Dante, we know, continues to be the subject of study even at a distance of all these centuries. This is confirmed by the new appointment in the spaces of New York University, on April 7, 2026, where at the Casa Italiana Zerilli-Marimò will hold a new meeting of the John Freccero Lecture Series, part of a cycle dedicated to Italian studies that over the years has consolidated its role as a reference point for the academic community and for the public interested in the Italian literary culture in the United States. The initiative is promoted together with the Department of Italian Studies of the same university.
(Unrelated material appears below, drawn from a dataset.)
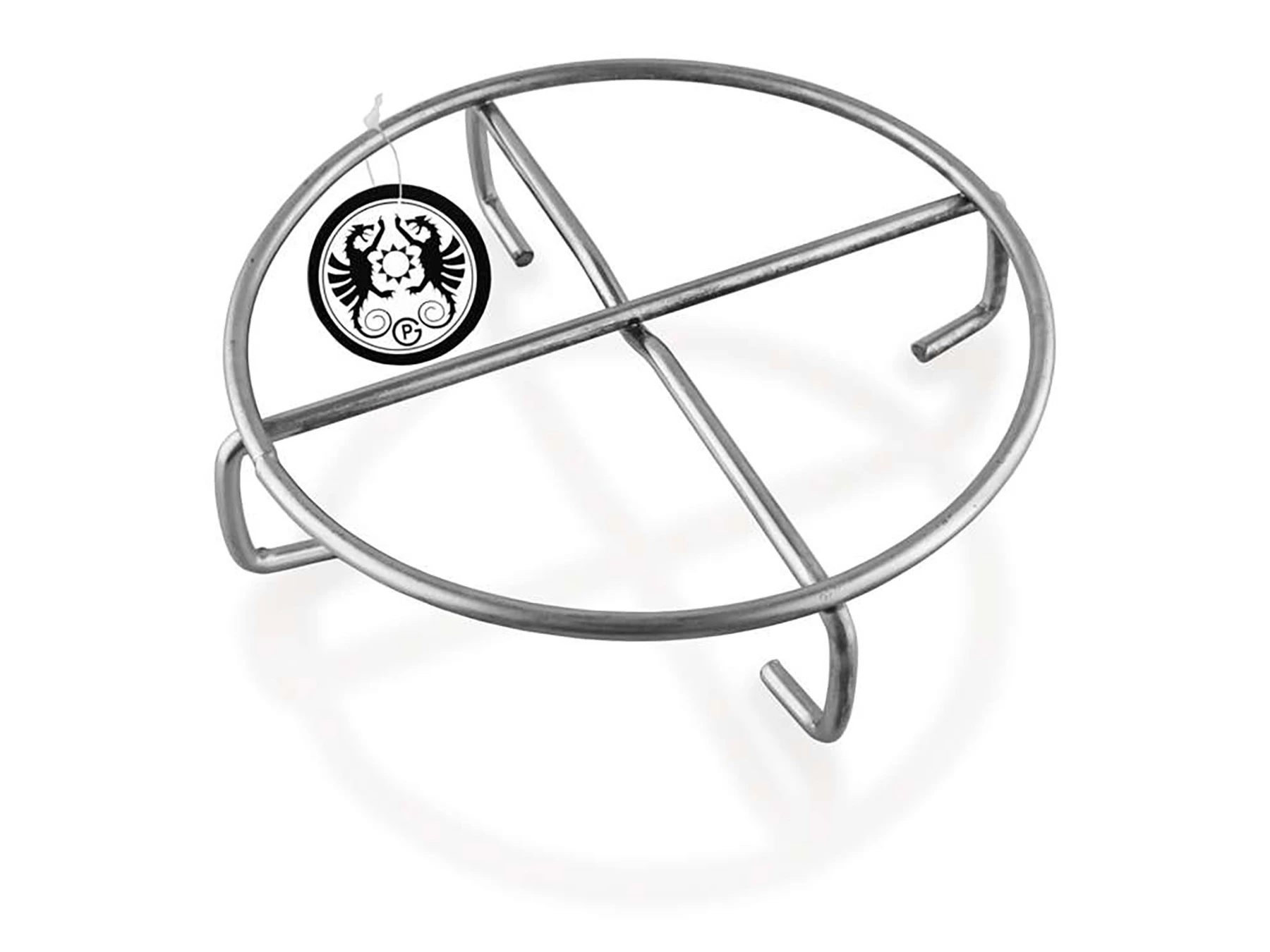 Een trivet is een metalen rooster of onderzetter die onder de Dutch oven wordt geplaatst om hem van direct contact met de hittebron, zoals kolen of open vuur, te isoleren. Ook kun jij met een trivet tijdens het koken de hete deksel of pan veilig en schoon wegleggen

The lesson, entitled “Deforming Deceit. Contagion, Animality, and Metamorphosis in Inferno XXIX-XXX”, is held by Eleonora Stoppino, professor at the University of Illinois Urbana-Champaign. The focus is on the XXIX and XXX songs of Dante Alighieri’s Hell, in which the falsiers are punished through deforming diseases that alter the body. The analysis proposed starts precisely from the physical deformation inflicted, which is not only a symbolic punishment but becomes a manifestation of moral falsification. In these songs, those who manipulated substances, identity or nature undergo a transformation that makes the violation of natural order visible.
Stoppino’s contribution is based on an analysis of Dante’s language, reconstructing the interweaving of disease and contagion within the two songs. It is a lexicon related to classical tradition, especially with Ovid, very present in medieval culture. In this reading, contagion becomes a way to describe a transformation. The disease pushes the bodies towards an animal condition, blowing the border between human and nonhuman. According to Stoppino, this is how Dante shows what it means to falsify: to compromise the very nature of the human being.
L’articolo A lesson at NYU on Dante’s Hell proviene da IlNewyorkese.